What is needed is an exact copy of every entry below, minus the images.

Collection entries
============

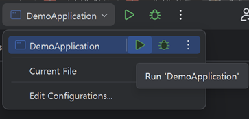 인텔리제이에서 오른쪽 위에 존재하는 실행버튼을 누르게 되면 서버가 실행됩니다.
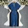 Women’s Clothing French High End Temperament Hip Wrapped Slit Skirt Summer Design Contrast Color Waist Button Decoration Denim Dress
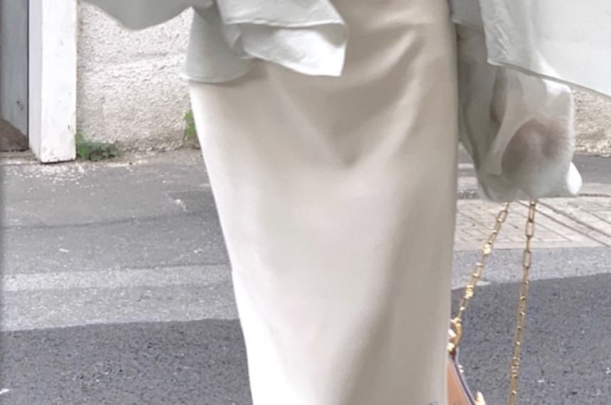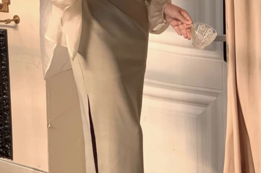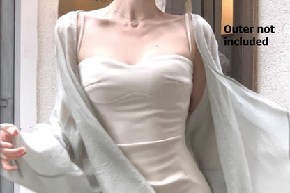 Spaghetti Strap Ruch Plain Side Slit Sheath Maxi Dress
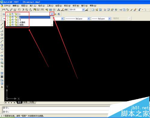 4、創(chuàng)建好后,返回繪圖頁(yè)面,當(dāng)想用創(chuàng)好的圖層時(shí),點(diǎn)擊圖層工具欄后面的下三角,然后選擇自己需要的線即可快捷繪圖。
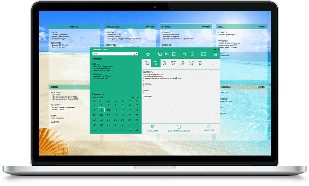 Теперь вся неделя перед глазами. Используйте десктоп Вашего компьютера продуктивно. Вы можете настроить отображение заметок прямо на рабочем столе Вашего ПК. Редактируйте заметки прямо на рабочем столе.

============

### Written answer
 인텔리제이에서 오른쪽 위에 존재하는 실행버튼을 누르게 되면 서버가 실행됩니다.
 Women’s Clothing French High End Temperament Hip Wrapped Slit Skirt Summer Design Contrast Color Waist Button Decoration Denim Dress
 Spaghetti Strap Ruch Plain Side Slit Sheath Maxi Dress
 4、創(chuàng)建好后,返回繪圖頁(yè)面,當(dāng)想用創(chuàng)好的圖層時(shí),點(diǎn)擊圖層工具欄后面的下三角,然后選擇自己需要的線即可快捷繪圖。
 Теперь вся неделя перед глазами. Используйте десктоп Вашего компьютера продуктивно. Вы можете настроить отображение заметок прямо на рабочем столе Вашего ПК. Редактируйте заметки прямо на рабочем столе.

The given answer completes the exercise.